◆ Your objective ◆
Set down all of the entries word for word, omitting the images they contain.

◆ Excerpted records ◆
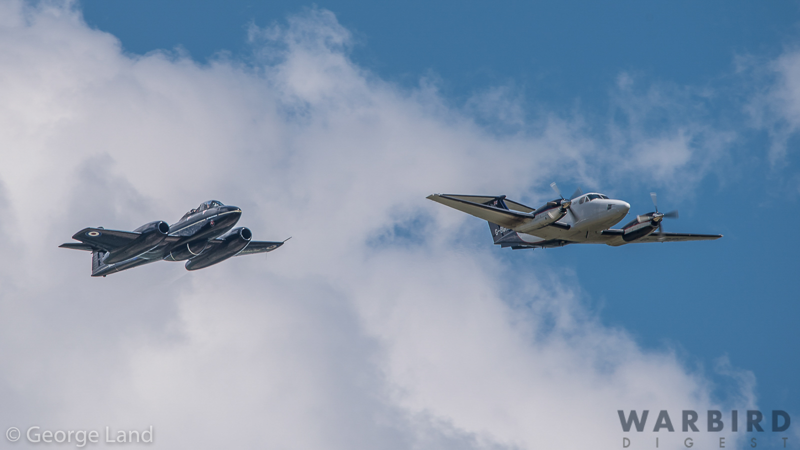 Meteor flight – Gloster Meteor Mk.T.7 (Modified) WA638, GJWMA, Martin Baker Ltd + Beech B200 Super Kingair G-BGRE, Martin Baker Ltd . (photo by George Land)
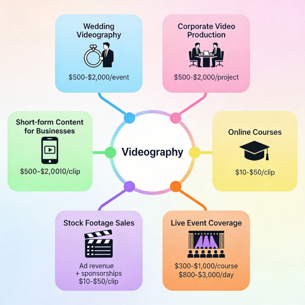In today’s creator economy, videographers are earning through content creation, digital products, stock footage, social media services, and AI-powered workflows—often before landing their first “real” client.
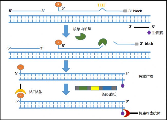 重組酶介導鏈置換核酸擴增(Recombinase-aid Amplification,RAA),是一種恒溫核酸快速擴增技術。RT-RAA先利用逆轉錄酶將 RNA 逆轉錄成 cDNA,從細菌或真菌中獲得的重組酶在常溫下可與引物DNA緊密結合,形成重組酶/引物復合體,侵入RNA-cDNA雙鏈核酸模板,在侵入位點重組酶將雙鏈打開,同時單鏈結合蛋白結合到被重組酶打開的單鏈上,維持雙鏈模板處于開鏈狀態。重組酶/引物復合體開始對雙鏈進行掃描,當引物在模板上搜索到與之完全匹配的互補序列時,重組酶/引物復合體解體,DNA聚合酶結合到引物的3'端,開始合成新鏈。合成的新鏈又可以作為模板,最終擴增產物以指數級增長,完成靶標基因的擴增。經過熒光標記的探針與擴增產物結合,當探針被核酸內切酶酶切后,與生物素標記的引物共同擴增形成兩端有熒光標記及生物素標記的片段,可用電泳法、熒光法或通用型核酸檢測試紙條進行判讀。如下圖所示:
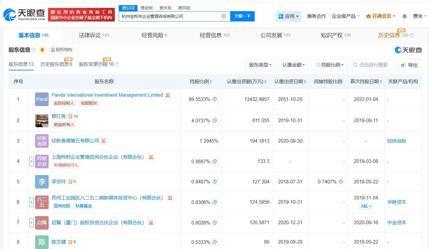 该公司成立于2018年5月,法定代表人、董事长、总经理为蔡红亮,注册资本1.5亿人民币,由Panda International Investment Management Limited、蔡红亮、经新香港第五有限公司等共同持股。
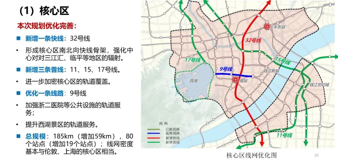 从2号线良渚站,沿古墩路-前程路延伸至瓶窑镇,长7公里,设站3座,实现了良渚文化村、瓶窑镇的轨道服务。西延:从4号线紫金港站,向西北延伸至西湖大学,长4.0公里,设站3座,加强西湖大学、紫金港科技城等地区的轨道服务。从5号线老余杭站,向西延伸至杭临线南峰村站,长7公里,设站3座,加强南湖新城的轨道服务,支持之江实验室、达摩院等重点项目发展。
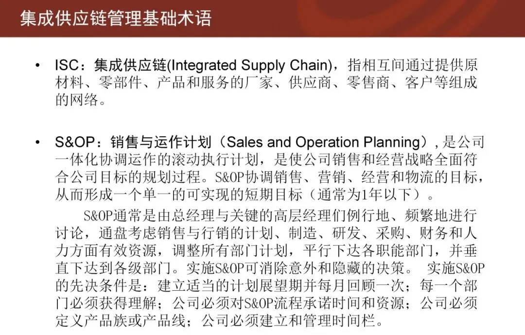 实践中,集成供应链涵盖多个关键流程,包括客户关系管理、需求预测、订单履行、生产调度、供应商协同等。这些流程并非孤立运作,而是通过统一的计划体系(如S&OP)和绩效指标(如OTD、完美订单率)相互衔接,形成闭环管理。
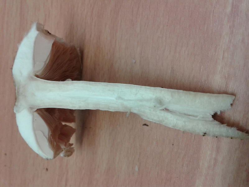 - Hut: weißlich mit brauner Schicht, Konsistenz wie bei Champignons aus dem Supermarkt
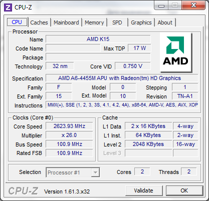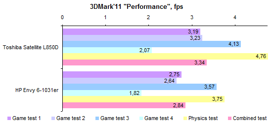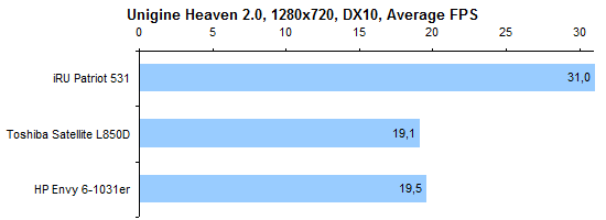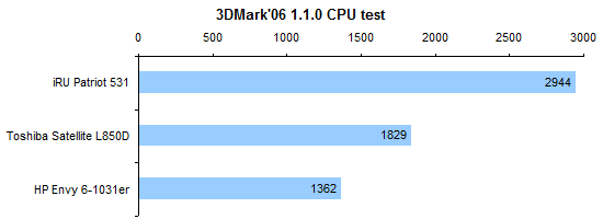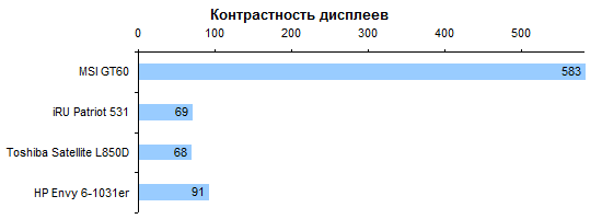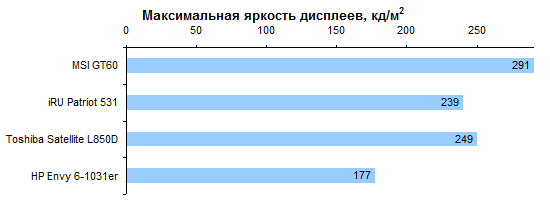 Не так давно мы протестировали ноутбук Toshiba Satellite L850D, который был оснащен процессором AMD A6-4400. Теперь же у нас на повестке дня A6-4455M. Несмотря на более высокий номер модели, это менее производительный процессор. Он также состоит из одного модуля Piledriver (два целочисленных вычислительных ядра + один FPU), но работает на менее высоких частотах: номинально 2,1 ГГц и до 2,6 в турборежиме (в A6-4400M 2,7—3,2 ГГц соответственно). ![]() Все дело в том, что теплопакет процессора понижен со стандартных 35 до 17 Вт. Чтобы слегка скрасить недостаточно высокие частоты, процессору увеличили кеш-память второго уровня — с 1 до 2 Мбайт. ![]() В ноутбуке имеется два разъема для модулей памяти формата SO-DIMM. В нашем экземпляре оба разъема были заняты — в одном был установлен модуль объемом 4 Гбайт, во втором — 2 Гбайт, оба — DDR3-1600. ![]() В процессор встроено графическое ядро AMD Radeon 7500G. Оно состоит из 256 потоковых процессоров, номинальная частота составляет 327 МГц, в турборежиме она может быть повышена до 424 МГц. ![]() ⇡# Внутреннее устройствоПростой и удобный доступ пользователя к начинке в данной модели совершенно не предусмотрен. Однако, благодаря типичной для тонких ноутбуков конструкции корпуса, добраться до «потрохов» достаточно легко. Нижняя половинка корпуса выполнена из стеклопластика — а если точнее, армированного стекловолокном полиамида, знакомого нам еще по позапрошлогодним тестам ASUS U36SD и Toshiba Satellite R840. Верхняя часть корпуса представляет собой стандартный для недорогих моделей «бутерброд» из тонкого слоя алюминия и обычного пластика ABS+PC. В данном случае комбинация материалов и формы деталей получилась довольно удачной: корпус очень жесткий, к этому просто невозможно предъявить претензии. Единственное, пластику немного не хватает жесткости в месте крепления петель крышки. Из-за этого крышка сильно болтается при тряске, несмотря на то, что сами петли достаточно тугие. Просторный корпус позволяет обойтись без тотальной экономии пространства. Впрочем, материнскую плату конструкторы все равно сделали компактной. А «лишнее» место заполнили низкочастотным динамиком и весьма внушительной батареей емкостью 60 Вт*ч. Активная часть системы охлаждения состоит из единственного вентилятора довольно крупных размеров. Забор холодного воздуха происходит через ряд мелких отверстий на днище ноутбука. Выходит «отработанный» воздух через несколько более крупные отверстия на скошенной части — таким образом, «выхлоп» направлен назад и вниз. Несмотря на то, что в ноутбуке использован процессор с пониженным тепловыделением, при работе от розетки вентилятор не замолкает ни на секунду — даже если в настройках выставлен профиль «Экономия энергии». Шумит он при этом не слишком сильно, но все-таки шумит. Что удивительно, при повышении нагрузки уровень шума остается практически тем же, что и в режиме простоя. ⇡# Тестирование — дисплейВ HP Envy Sleekbook 61031er используется почти такой же дисплей, как и в протестированном нами ранее заметно более дорогом Envy Ultrabook 6-1051er. Это дешевая и посредственная по характеристикам ЖК-матрица Chimei N156BGE-LB1 (в «братском» ультрабуке была N156BGE-L41 — разница, очевидно, минимальна). Разрешение дисплея стандартно, 1366х768, покрытие глянцевое, рамка вокруг дисплея также выполнена из маркого глянцевого пластика. Максимальная яркость дисплея оказалась невысока — всего-нав

◆ Answer ◆
 Meteor flight – Gloster Meteor Mk.T.7 (Modified) WA638, GJWMA, Martin Baker Ltd + Beech B200 Super Kingair G-BGRE, Martin Baker Ltd . (photo by George Land)
In today’s creator economy, videographers are earning through content creation, digital products, stock footage, social media services, and AI-powered workflows—often before landing their first “real” client.
 重組酶介導鏈置換核酸擴增(Recombinase-aid Amplification,RAA),是一種恒溫核酸快速擴增技術。RT-RAA先利用逆轉錄酶將 RNA 逆轉錄成 cDNA,從細菌或真菌中獲得的重組酶在常溫下可與引物DNA緊密結合,形成重組酶/引物復合體,侵入RNA-cDNA雙鏈核酸模板,在侵入位點重組酶將雙鏈打開,同時單鏈結合蛋白結合到被重組酶打開的單鏈上,維持雙鏈模板處于開鏈狀態。重組酶/引物復合體開始對雙鏈進行掃描,當引物在模板上搜索到與之完全匹配的互補序列時,重組酶/引物復合體解體,DNA聚合酶結合到引物的3'端,開始合成新鏈。合成的新鏈又可以作為模板,最終擴增產物以指數級增長,完成靶標基因的擴增。經過熒光標記的探針與擴增產物結合,當探針被核酸內切酶酶切后,與生物素標記的引物共同擴增形成兩端有熒光標記及生物素標記的片段,可用電泳法、熒光法或通用型核酸檢測試紙條進行判讀。如下圖所示:
 该公司成立于2018年5月,法定代表人、董事长、总经理为蔡红亮,注册资本1.5亿人民币,由Panda International Investment Management Limited、蔡红亮、经新香港第五有限公司等共同持股。
 从2号线良渚站,沿古墩路-前程路延伸至瓶窑镇,长7公里,设站3座,实现了良渚文化村、瓶窑镇的轨道服务。西延:从4号线紫金港站,向西北延伸至西湖大学,长4.0公里,设站3座,加强西湖大学、紫金港科技城等地区的轨道服务。从5号线老余杭站,向西延伸至杭临线南峰村站,长7公里,设站3座,加强南湖新城的轨道服务,支持之江实验室、达摩院等重点项目发展。
 实践中,集成供应链涵盖多个关键流程,包括客户关系管理、需求预测、订单履行、生产调度、供应商协同等。这些流程并非孤立运作,而是通过统一的计划体系(如S&OP)和绩效指标(如OTD、完美订单率)相互衔接,形成闭环管理。
 - Hut: weißlich mit brauner Schicht, Konsistenz wie bei Champignons aus dem Supermarkt
 Не так давно мы протестировали ноутбук Toshiba Satellite L850D, который был оснащен процессором AMD A6-4400. Теперь же у нас на повестке дня A6-4455M. Несмотря на более высокий номер модели, это менее производительный процессор. Он также состоит из одного модуля Piledriver (два целочисленных вычислительных ядра + один FPU), но работает на менее высоких частотах: номинально 2,1 ГГц и до 2,6 в турборежиме (в A6-4400M 2,7—3,2 ГГц соответственно). ![]() Все дело в том, что теплопакет процессора понижен со стандартных 35 до 17 Вт. Чтобы слегка скрасить недостаточно высокие частоты, процессору увеличили кеш-память второго уровня — с 1 до 2 Мбайт. ![]() В ноутбуке имеется два разъема для модулей памяти формата SO-DIMM. В нашем экземпляре оба разъема были заняты — в одном был установлен модуль объемом 4 Гбайт, во втором — 2 Гбайт, оба — DDR3-1600. ![]() В процессор встроено графическое ядро AMD Radeon 7500G. Оно состоит из 256 потоковых процессоров, номинальная частота составляет 327 МГц, в турборежиме она может быть повышена до 424 МГц. ![]() ⇡# Внутреннее устройствоПростой и удобный доступ пользователя к начинке в данной модели совершенно не предусмотрен. Однако, благодаря типичной для тонких ноутбуков конструкции корпуса, добраться до «потрохов» достаточно легко. Нижняя половинка корпуса выполнена из стеклопластика — а если точнее, армированного стекловолокном полиамида, знакомого нам еще по позапрошлогодним тестам ASUS U36SD и Toshiba Satellite R840. Верхняя часть корпуса представляет собой стандартный для недорогих моделей «бутерброд» из тонкого слоя алюминия и обычного пластика ABS+PC. В данном случае комбинация материалов и формы деталей получилась довольно удачной: корпус очень жесткий, к этому просто невозможно предъявить претензии. Единственное, пластику немного не хватает жесткости в месте крепления петель крышки. Из-за этого крышка сильно болтается при тряске, несмотря на то, что сами петли достаточно тугие. Просторный корпус позволяет обойтись без тотальной экономии пространства. Впрочем, материнскую плату конструкторы все равно сделали компактной. А «лишнее» место заполнили низкочастотным динамиком и весьма внушительной батареей емкостью 60 Вт*ч. Активная часть системы охлаждения состоит из единственного вентилятора довольно крупных размеров. Забор холодного воздуха происходит через ряд мелких отверстий на днище ноутбука. Выходит «отработанный» воздух через несколько более крупные отверстия на скошенной части — таким образом, «выхлоп» направлен назад и вниз. Несмотря на то, что в ноутбуке использован процессор с пониженным тепловыделением, при работе от розетки вентилятор не замолкает ни на секунду — даже если в настройках выставлен профиль «Экономия энергии». Шумит он при этом не слишком сильно, но все-таки шумит. Что удивительно, при повышении нагрузки уровень шума остается практически тем же, что и в режиме простоя. ⇡# Тестирование — дисплейВ HP Envy Sleekbook 61031er используется почти такой же дисплей, как и в протестированном нами ранее заметно более дорогом Envy Ultrabook 6-1051er. Это дешевая и посредственная по характеристикам ЖК-матрица Chimei N156BGE-LB1 (в «братском» ультрабуке была N156BGE-L41 — разница, очевидно, минимальна). Разрешение дисплея стандартно, 1366х768, покрытие глянцевое, рамка вокруг дисплея также выполнена из маркого глянцевого пластика. Максимальная яркость дисплея оказалась невысока — всего-нав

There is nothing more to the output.